If I wanted to show the value of p[1] and I knew the "virtual memory location" of p, could I somehow do "&p + 1" and obtain the value of p[1] with cout << *p, which will now point to the second element in the array?
int *p;
p = new int[3];
p[0] = 13;
p[1] = 54;
p[2] = 42;
Sure, you can manipulate the pointer to access the different elements in the array, but you will need to manipulate the content of the pointer (i.e. the address of what p is pointing to), rather than the address of the pointer itself.
int *p = new int[3];
p[0] = 13;
p[1] = 54;
p[2] = 42;
cout << *p << ' ' << *(p+1) << ' ' << *(p+2);
Each addition (or subtraction) mean the subsequent (prior) element in the array. If p points to a 4 byte variable (e.g. int on typical 32-bits PCs) at address say 12345, p+1 will point to 12349, and not 12346. Note you want to change the value of what p contains before dereferencing it to access what it points to.

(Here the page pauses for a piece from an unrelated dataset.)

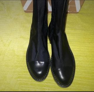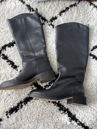Botas altas de piel de la marca Zara. - Material: Piel. - Color: Negro.
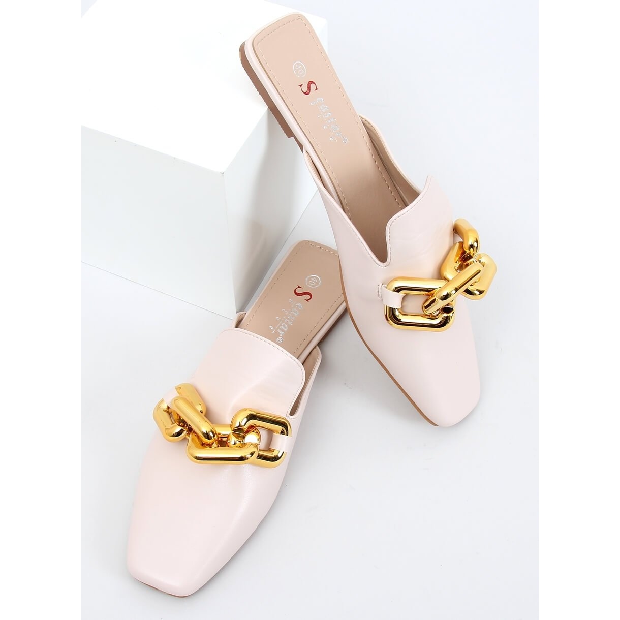 Geschmackvolle Frauenruhen aus ökologischem Leder, die klassische Einfachheit mit modischen Details verbinden. Das Modell zeichnet sich durch eine stilvolle goldene Kette vorne und eine moderne, quadratische Nase aus - dank dessen sehen die Schuhe feminin und extrem modisch aus. Eine flache Sohle und ein weicher Eco -Ledereinsatz sorgen für Komfort auch beim längeren Tragen.

Not quite. &p is the address of the pointer p. &p+1 will refer to an address which is one int* further along. What you want to do is
p=p+1; /* or ++p or p++ */
Now when you do
cout << *p;
You will get 54. The difference is, p contains the address of the start of the array of ints, while &p is the address of p. To move one item along, you need to point further into the int array, not further along your stack, which is where p lives.
If you only had &p then you would need to do the following:
int **q = &p; /* q now points to p */
*q = *q+1;
cout << *p;
That will also output 54 if I am not mistaken.
It's been a while (many years) since I worked with pointers but I know that if p is pointing at the beginning of the array (i.e. p[0]) and you incremented it (i.e. p++) then p will now be pointing at p[1].
I think that you have to de-reference p to get to the value. You dereference a pointer by putting a * in front of it.
So *p = 33 with change p[0] to 33.
I'm guessing that to get the second element you would use *(p+1) so the syntax you'd need would be:
cout << *(p+1)
or
cout << *(++p)
I like to do this:
&p[1]
To me it looks neater.
Think of "pointer types" in C and C++ as laying down a very long, logical row of cells superimposed on the bytes in the memory space of the CPU, starting at byte 0. The width of each cell, in bytes, depends on the "type" of the pointer. Each pointer type lays downs a row with differing cell widths. A "int *" pointer lays down a row of 4-byte cells, since the storage width of an int is 4 bytes. A "double *" lays down a 8-byte per-cell row; a "struct foo *" pointer lays down a row with each cell the width of a single "struct foo", whatever that is. The "address" of any "thing" is the byte offset, starting at 0, of the cell in the row holding the "thing".Pointer arithmetic is based on cells in the row, not bytes. "*(p+10)" is a reference to the 10th cell past "p", where the cell size is determined by the type of p. If the type of "p" is "int", the address of "p+10" is 40 bytes past p; if p is a pointer to a struct 1000 bytes long, "p+10" is 10,000 bytes past p. (Note that the compiler gets to choose an optimal size for a struct that may be larger than what you'd think; this is due to "padding" and "alignment". The 1000 byte struct discussed might actually take 1024 bytes per cell, for example, so "p+10" would actually be 10,240 bytes past p.)